This issue from 2019 appears to have a similar configuration, however it is run from Ubuntu and not from Windows (in our case, there are no issues on Linux). I do not think that the original issue was fixed, instead the ticket was closed when another bug related to "dvc version" evoked in the ticket thread was fixed.
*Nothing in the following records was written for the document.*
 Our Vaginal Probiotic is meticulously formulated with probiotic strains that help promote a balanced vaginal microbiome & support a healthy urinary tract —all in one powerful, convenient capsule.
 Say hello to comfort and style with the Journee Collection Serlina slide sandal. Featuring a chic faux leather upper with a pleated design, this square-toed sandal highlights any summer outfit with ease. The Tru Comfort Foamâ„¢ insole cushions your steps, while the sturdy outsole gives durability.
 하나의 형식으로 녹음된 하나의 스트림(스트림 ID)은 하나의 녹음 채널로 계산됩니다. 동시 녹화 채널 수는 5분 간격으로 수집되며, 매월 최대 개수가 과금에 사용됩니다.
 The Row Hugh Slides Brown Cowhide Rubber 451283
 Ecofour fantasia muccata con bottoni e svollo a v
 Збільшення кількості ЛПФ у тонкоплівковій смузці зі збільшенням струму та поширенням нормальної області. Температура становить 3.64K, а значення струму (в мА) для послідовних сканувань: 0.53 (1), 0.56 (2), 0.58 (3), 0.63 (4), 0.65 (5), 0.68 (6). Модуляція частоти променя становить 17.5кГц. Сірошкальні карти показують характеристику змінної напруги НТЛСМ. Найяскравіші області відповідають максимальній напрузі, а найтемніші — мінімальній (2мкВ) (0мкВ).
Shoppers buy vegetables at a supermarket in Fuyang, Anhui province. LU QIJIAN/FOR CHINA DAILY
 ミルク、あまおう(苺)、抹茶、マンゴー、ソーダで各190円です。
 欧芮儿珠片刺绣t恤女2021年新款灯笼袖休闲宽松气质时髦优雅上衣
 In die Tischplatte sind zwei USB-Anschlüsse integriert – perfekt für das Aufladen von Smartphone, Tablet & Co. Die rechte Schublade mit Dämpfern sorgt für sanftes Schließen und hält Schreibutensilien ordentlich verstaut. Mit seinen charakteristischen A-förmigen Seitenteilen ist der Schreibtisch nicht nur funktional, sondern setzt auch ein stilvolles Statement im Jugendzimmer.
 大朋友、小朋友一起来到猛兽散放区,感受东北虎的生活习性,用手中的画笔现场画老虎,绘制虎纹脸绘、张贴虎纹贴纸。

Fortunately, all of our tests were run on test data, but we believe that this bug can be very dangerous for data scientists who would want to run experiments from production data on a NAS, as it can happen any time in the dvc workflow (before any push to a S3 remote for instance).
Even worse, the bug wipes any batch of images from the workspace as long as they are included in the new dvc add : if you do a "dvc add images_folder" after having added 1000 images containing only two duplicates to a folder which is already tracked by dvc , the 1000 images will be deleted from the workspace and will not be added to the cache. If a lot of images are already present in the workspace, the DS may never notice that those new images have disappeared. If a production pipeline is run on a windows NAS with dvc add commands for ML experiments, some images could disappear silently.

Reproduce

The results of the two scenarios are the same, we added them for easier reproduction.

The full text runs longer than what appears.